William Adams Brown (December 29, 1865 – December 15, 1943) was an American minister, professor and philanthropist.
Early life
Brown was born in New York City on December 29, 1865, and named after his maternal grandfather, the Rev. William Adams.[1] He was the eldest son of John Crosby Brown and Mary Elizabeth Adams Brown. His siblings were Eliza Coe Adams,[2] Mary Magoun Brown,[2] James Crosby Brown, Thatcher Magoun Brown, and Amy Brighthurst Brown (1878–1960).[2]
After returning to the United States in 1892, Brown joined the faculty of Union Theological Seminary as an instructor of Church History. Less than a year later, he was asked him to shift fields and teach Systematic Theology. Within five years, he was named Roosevelt Chair of Systematic Theology.[4] He retired in 1936.[5]
Brown served as chairman of the Presbyterian Church's Home Missions Committee, through which he organized and ran the American Parish on the Upper East Side and the Labor Temple in the East Village neighborhoods of Manhattan. He was also instrumental in the founding of Union Settlement in East Harlem where he was largely responsible for fundraising. Union Settlement is one of the oldest settlement houses in New York City and is East Harlem's largest social service agency serving the poor.[4]

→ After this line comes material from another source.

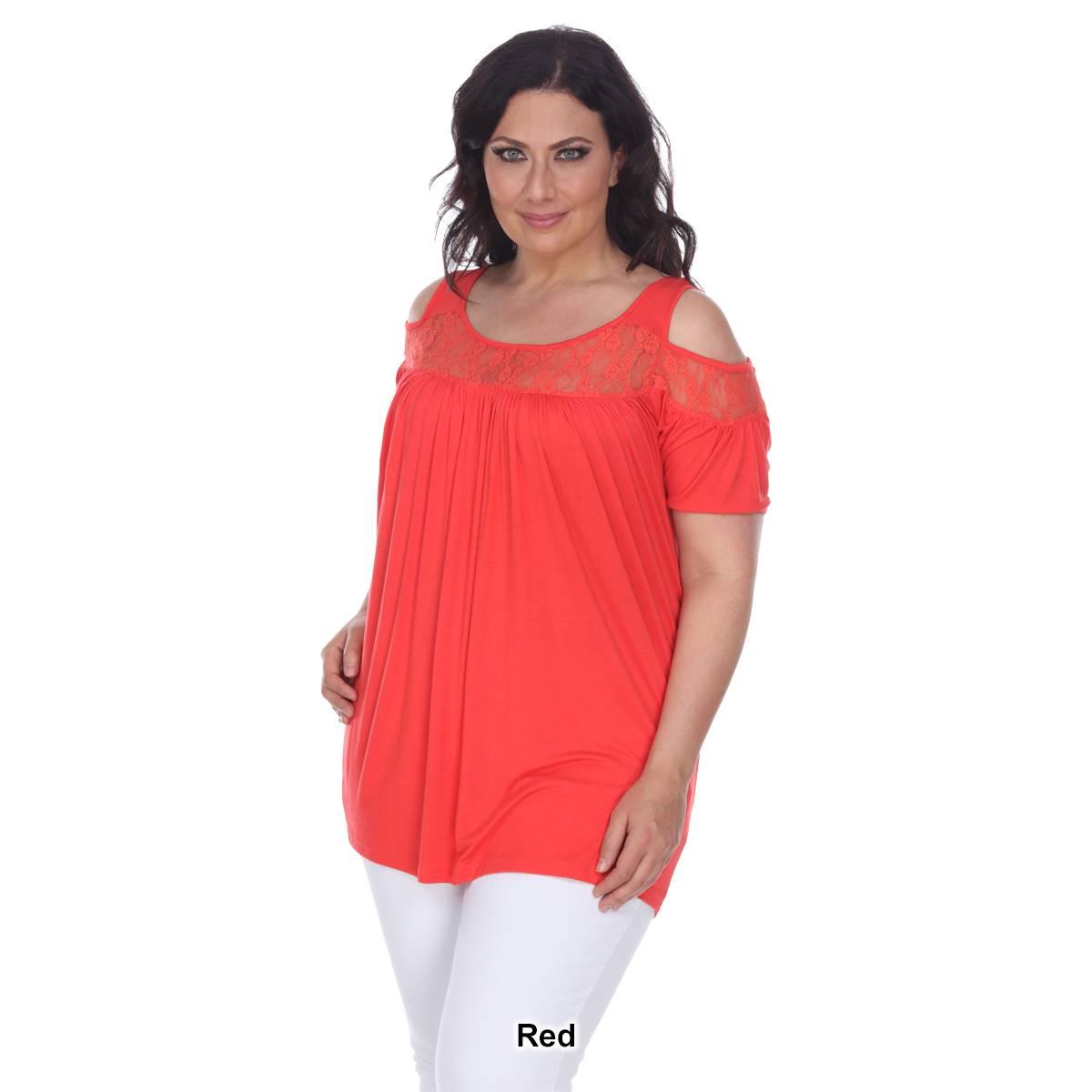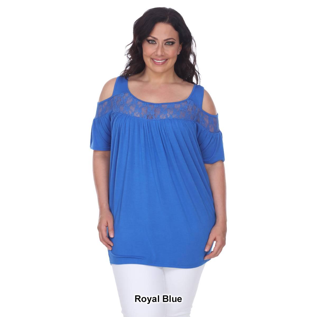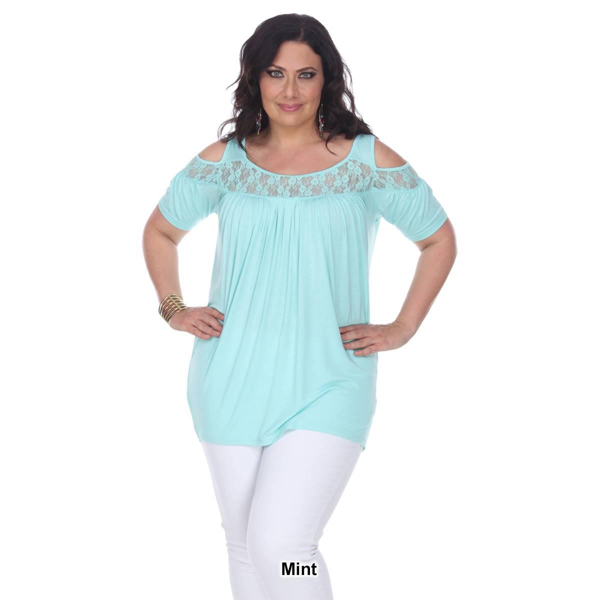 Description Step up your style with this super cute cold shoulder cut out Plus Size White Mark® Bexley tunic. It has lace yoke inserts around the scoop neckline and on the...
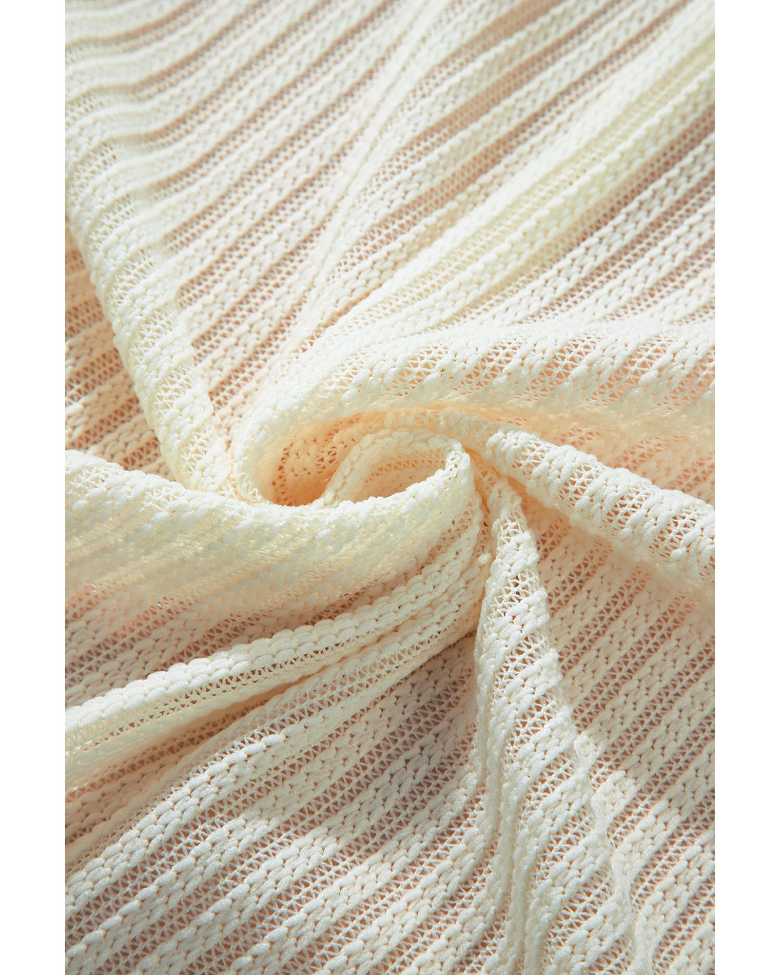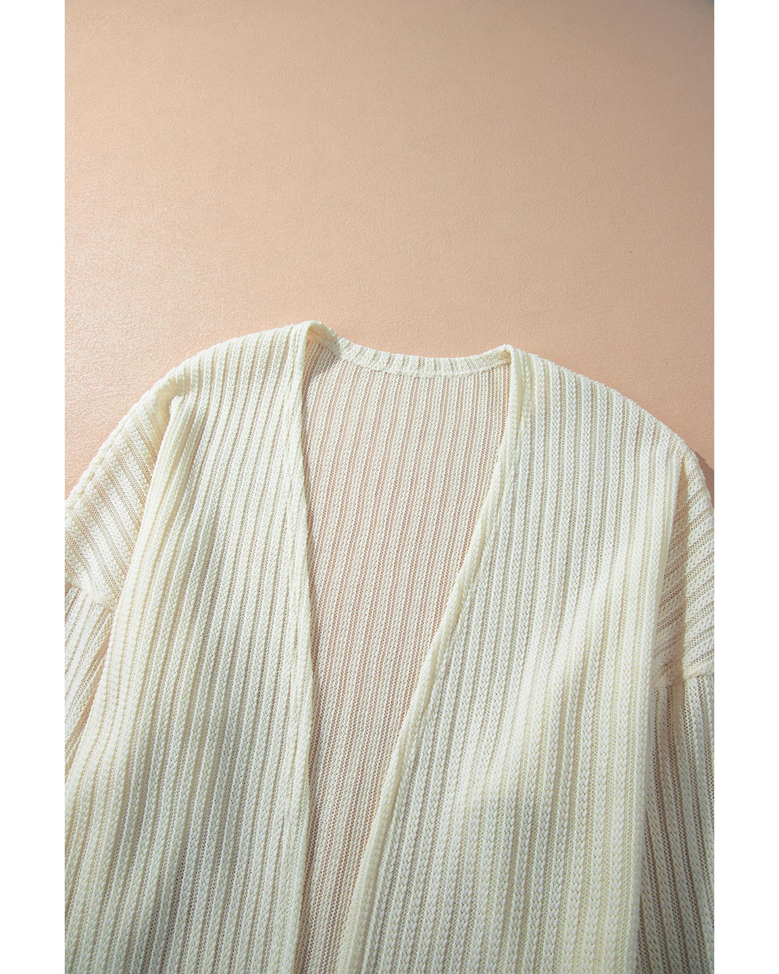 Beige Textured Lantern Sleeve Open Kimono – S

He was a member of the Yale Corporation from 1917 to 1934, and was acting president of Yale University from 1919 to 1920.[6]
Personal life
In 1892, Brown was married to Helen Gilman Noyes (1867–1942), a daughter of Daniel Rogers Noyes and Helen Abia (née Gilman) Noyes. The family lived at 49 East 80th Street in New York City and had a summer home on Mount Desert Island in Maine where they befriended many prominent people, including Charles W. Eliot, president of Harvard, Seth Low, president of Columbia and later Mayor of New York, and John D. Rockefeller Jr. They had four children:
John Crosby Brown (1892–1950), the president of Tamblyn & Brown, a public relations counsel and managers of fund-raising campaigns.[7]